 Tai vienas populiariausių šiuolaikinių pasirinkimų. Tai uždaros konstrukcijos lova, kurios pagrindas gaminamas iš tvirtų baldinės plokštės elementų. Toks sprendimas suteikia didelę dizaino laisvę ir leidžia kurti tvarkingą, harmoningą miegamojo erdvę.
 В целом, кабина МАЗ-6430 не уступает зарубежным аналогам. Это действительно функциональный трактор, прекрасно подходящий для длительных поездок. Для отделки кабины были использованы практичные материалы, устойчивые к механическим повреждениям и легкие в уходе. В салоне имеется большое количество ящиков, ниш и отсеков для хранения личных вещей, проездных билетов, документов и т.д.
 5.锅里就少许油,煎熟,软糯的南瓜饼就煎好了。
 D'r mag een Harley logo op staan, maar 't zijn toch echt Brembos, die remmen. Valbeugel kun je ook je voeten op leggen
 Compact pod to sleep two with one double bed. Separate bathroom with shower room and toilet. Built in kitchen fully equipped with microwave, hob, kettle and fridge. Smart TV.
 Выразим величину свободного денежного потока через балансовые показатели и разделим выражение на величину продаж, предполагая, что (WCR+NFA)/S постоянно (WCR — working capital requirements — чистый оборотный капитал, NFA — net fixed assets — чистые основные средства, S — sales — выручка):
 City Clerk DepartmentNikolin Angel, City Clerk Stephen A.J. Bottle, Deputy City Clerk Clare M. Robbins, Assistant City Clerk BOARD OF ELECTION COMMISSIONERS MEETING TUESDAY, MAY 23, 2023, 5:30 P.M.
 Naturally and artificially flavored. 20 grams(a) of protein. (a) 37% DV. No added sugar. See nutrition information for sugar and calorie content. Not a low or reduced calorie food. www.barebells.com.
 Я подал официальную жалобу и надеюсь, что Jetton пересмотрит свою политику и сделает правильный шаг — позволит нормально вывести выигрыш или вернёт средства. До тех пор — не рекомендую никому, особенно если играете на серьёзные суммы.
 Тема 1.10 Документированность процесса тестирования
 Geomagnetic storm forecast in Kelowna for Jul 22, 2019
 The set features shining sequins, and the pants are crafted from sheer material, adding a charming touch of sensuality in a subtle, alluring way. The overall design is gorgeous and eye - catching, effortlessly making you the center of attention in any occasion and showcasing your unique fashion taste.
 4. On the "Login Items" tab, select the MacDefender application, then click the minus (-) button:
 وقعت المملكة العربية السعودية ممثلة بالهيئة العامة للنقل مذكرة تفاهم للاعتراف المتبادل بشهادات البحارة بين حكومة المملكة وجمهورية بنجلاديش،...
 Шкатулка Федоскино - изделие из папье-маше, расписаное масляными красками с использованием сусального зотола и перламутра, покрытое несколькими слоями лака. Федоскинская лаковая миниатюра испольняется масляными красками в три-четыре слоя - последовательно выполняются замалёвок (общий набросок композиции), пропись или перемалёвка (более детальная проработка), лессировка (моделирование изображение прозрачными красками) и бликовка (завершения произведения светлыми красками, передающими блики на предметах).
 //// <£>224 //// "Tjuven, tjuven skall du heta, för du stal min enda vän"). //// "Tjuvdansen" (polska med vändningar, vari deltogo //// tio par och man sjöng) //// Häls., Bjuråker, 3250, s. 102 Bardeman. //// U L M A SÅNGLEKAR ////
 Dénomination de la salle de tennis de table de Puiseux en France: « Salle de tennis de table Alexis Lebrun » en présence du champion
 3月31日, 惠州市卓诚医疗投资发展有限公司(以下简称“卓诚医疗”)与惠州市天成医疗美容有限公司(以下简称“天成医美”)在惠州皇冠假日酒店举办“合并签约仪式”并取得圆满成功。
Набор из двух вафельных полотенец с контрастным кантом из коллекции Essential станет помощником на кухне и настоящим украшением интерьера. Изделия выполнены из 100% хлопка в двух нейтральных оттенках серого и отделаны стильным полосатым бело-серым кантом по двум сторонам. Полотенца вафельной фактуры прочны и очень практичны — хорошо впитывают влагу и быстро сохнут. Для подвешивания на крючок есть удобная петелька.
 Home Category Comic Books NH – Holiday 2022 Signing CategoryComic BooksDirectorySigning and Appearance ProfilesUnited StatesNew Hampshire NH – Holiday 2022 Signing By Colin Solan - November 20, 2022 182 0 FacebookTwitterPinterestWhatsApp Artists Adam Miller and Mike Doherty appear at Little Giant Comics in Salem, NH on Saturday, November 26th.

- _Requirement_:
Repeat the entries exactly, leaving nothing out.

- _Output for this task_:
 Tai vienas populiariausių šiuolaikinių pasirinkimų. Tai uždaros konstrukcijos lova, kurios pagrindas gaminamas iš tvirtų baldinės plokštės elementų. Toks sprendimas suteikia didelę dizaino laisvę ir leidžia kurti tvarkingą, harmoningą miegamojo erdvę.
 В целом, кабина МАЗ-6430 не уступает зарубежным аналогам. Это действительно функциональный трактор, прекрасно подходящий для длительных поездок. Для отделки кабины были использованы практичные материалы, устойчивые к механическим повреждениям и легкие в уходе. В салоне имеется большое количество ящиков, ниш и отсеков для хранения личных вещей, проездных билетов, документов и т.д.
 5.锅里就少许油,煎熟,软糯的南瓜饼就煎好了。
 D'r mag een Harley logo op staan, maar 't zijn toch echt Brembos, die remmen. Valbeugel kun je ook je voeten op leggen
 Compact pod to sleep two with one double bed. Separate bathroom with shower room and toilet. Built in kitchen fully equipped with microwave, hob, kettle and fridge. Smart TV.
 Выразим величину свободного денежного потока через балансовые показатели и разделим выражение на величину продаж, предполагая, что (WCR+NFA)/S постоянно (WCR — working capital requirements — чистый оборотный капитал, NFA — net fixed assets — чистые основные средства, S — sales — выручка):
 City Clerk DepartmentNikolin Angel, City Clerk Stephen A.J. Bottle, Deputy City Clerk Clare M. Robbins, Assistant City Clerk BOARD OF ELECTION COMMISSIONERS MEETING TUESDAY, MAY 23, 2023, 5:30 P.M.
 Naturally and artificially flavored. 20 grams(a) of protein. (a) 37% DV. No added sugar. See nutrition information for sugar and calorie content. Not a low or reduced calorie food. www.barebells.com.
 Я подал официальную жалобу и надеюсь, что Jetton пересмотрит свою политику и сделает правильный шаг — позволит нормально вывести выигрыш или вернёт средства. До тех пор — не рекомендую никому, особенно если играете на серьёзные суммы.
 Тема 1.10 Документированность процесса тестирования
 Geomagnetic storm forecast in Kelowna for Jul 22, 2019
 The set features shining sequins, and the pants are crafted from sheer material, adding a charming touch of sensuality in a subtle, alluring way. The overall design is gorgeous and eye - catching, effortlessly making you the center of attention in any occasion and showcasing your unique fashion taste.
 4. On the "Login Items" tab, select the MacDefender application, then click the minus (-) button:
 وقعت المملكة العربية السعودية ممثلة بالهيئة العامة للنقل مذكرة تفاهم للاعتراف المتبادل بشهادات البحارة بين حكومة المملكة وجمهورية بنجلاديش،...
 Шкатулка Федоскино - изделие из папье-маше, расписаное масляными красками с использованием сусального зотола и перламутра, покрытое несколькими слоями лака. Федоскинская лаковая миниатюра испольняется масляными красками в три-четыре слоя - последовательно выполняются замалёвок (общий набросок композиции), пропись или перемалёвка (более детальная проработка), лессировка (моделирование изображение прозрачными красками) и бликовка (завершения произведения светлыми красками, передающими блики на предметах).
 //// <£>224 //// "Tjuven, tjuven skall du heta, för du stal min enda vän"). //// "Tjuvdansen" (polska med vändningar, vari deltogo //// tio par och man sjöng) //// Häls., Bjuråker, 3250, s. 102 Bardeman. //// U L M A SÅNGLEKAR ////
 Dénomination de la salle de tennis de table de Puiseux en France: « Salle de tennis de table Alexis Lebrun » en présence du champion
 3月31日, 惠州市卓诚医疗投资发展有限公司(以下简称“卓诚医疗”)与惠州市天成医疗美容有限公司(以下简称“天成医美”)在惠州皇冠假日酒店举办“合并签约仪式”并取得圆满成功。
Набор из двух вафельных полотенец с контрастным кантом из коллекции Essential станет помощником на кухне и настоящим украшением интерьера. Изделия выполнены из 100% хлопка в двух нейтральных оттенках серого и отделаны стильным полосатым бело-серым кантом по двум сторонам. Полотенца вафельной фактуры прочны и очень практичны — хорошо впитывают влагу и быстро сохнут. Для подвешивания на крючок есть удобная петелька.
 Home Category Comic Books NH – Holiday 2022 Signing CategoryComic BooksDirectorySigning and Appearance ProfilesUnited StatesNew Hampshire NH – Holiday 2022 Signing By Colin Solan - November 20, 2022 182 0 FacebookTwitterPinterestWhatsApp Artists Adam Miller and Mike Doherty appear at Little Giant Comics in Salem, NH on Saturday, November 26th.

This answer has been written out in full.